Einer der beliebtesten Motoren im neuen Mercedes GLC wird erwartungsgemäß der Zweiliter Vierzylinder-Benziner sein. Er leistet jetzt 258 PS, 13 PS mehr als beim Vorgänger der alten Motorengeneration M 274. Die neuen Benziner heißen M 264. Der 300-er gibt seine Kraft an eine fast perfekte Neunstufenautomatik und an den bei Mercedes "4Matic" genannten Allradantrieb weiter. Der Zweiliter entwickelt 370 Newtonmeter bereits bei 1850 Umdrehungen pro Minute. Das ist nahezu Dieselniveau, und das bei guter Laufruhe. Ohnehin werden jetzt auch bei Mercedes die immer besser werdenden Benziner die in Verruf geratenen Diesel verdrängen. Für viele Alltagsaufgaben ist der Benziner mittlerweile die bessere Wahl, zumal die Verbrauchsunterschiede weiter schrumpfen. Jahrzehnte lang stand Mercedes mit guten Dieselmotoren und eher mittelmäßigen ruppigen Benzinern für den Dieselhersteller schlechthin. Aktuell sieht es so aus, als ob das Blatt sich wendet.

 

Ein echter Mercedes zum echten Mercedes-Preis

45.970 Euro lautete der Einstiegspreis in die GLC-Welt vor dem Facelift. "Preise auf dem Niveau des Vorgängers" ist nicht ganz korrekt, 2.000 bis 3.000 Euro mehr werden es schon werden, allerdings bei deutlich besserer Ausstattung, wobei sich der Aufpreis dann schon wieder relativiert.
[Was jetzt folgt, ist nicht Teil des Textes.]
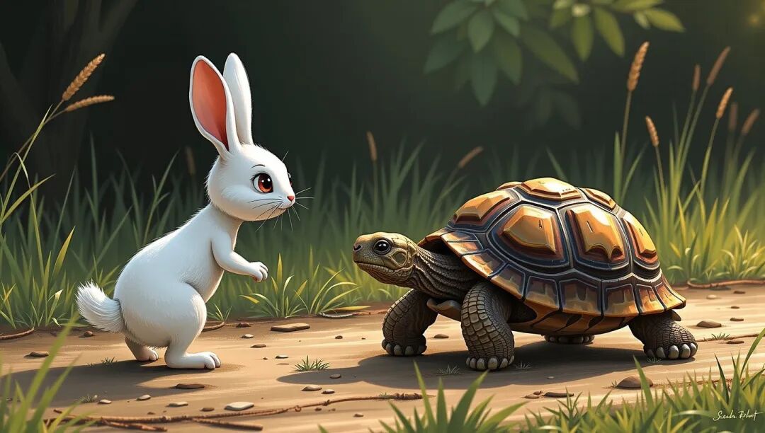 兔子很奇怪,问乌龟:“你又是怎么赢我的?”

Auch beim neuen Mercedes GLC trifft bekannte Mercedes-Qualität auf unverständliche, fast schon peinliche zweijährige Werksgarantie. Die Konkurrenz bietet bis zu fünf Jahre mehr. Ein Ärgernis, das SUV-Interessenten bei Hyundai, Kia, Subaru, ja sogar Range Rover und Jaguar schwach werden lässt. Doch die Garantiekönige sind auch nicht mehr wirklich preisgünstig. Ein mit dem GLC annähernd vergleichbarer Kia Sorento erkauft sich seine sieben Jahre Garantie mit mindestens 40.000 Euro. Ein deutlich kleinerer Range Rover in der 250 PS starken GLC-Klasse verschlingt ebenfalls an die 48.000 Euro.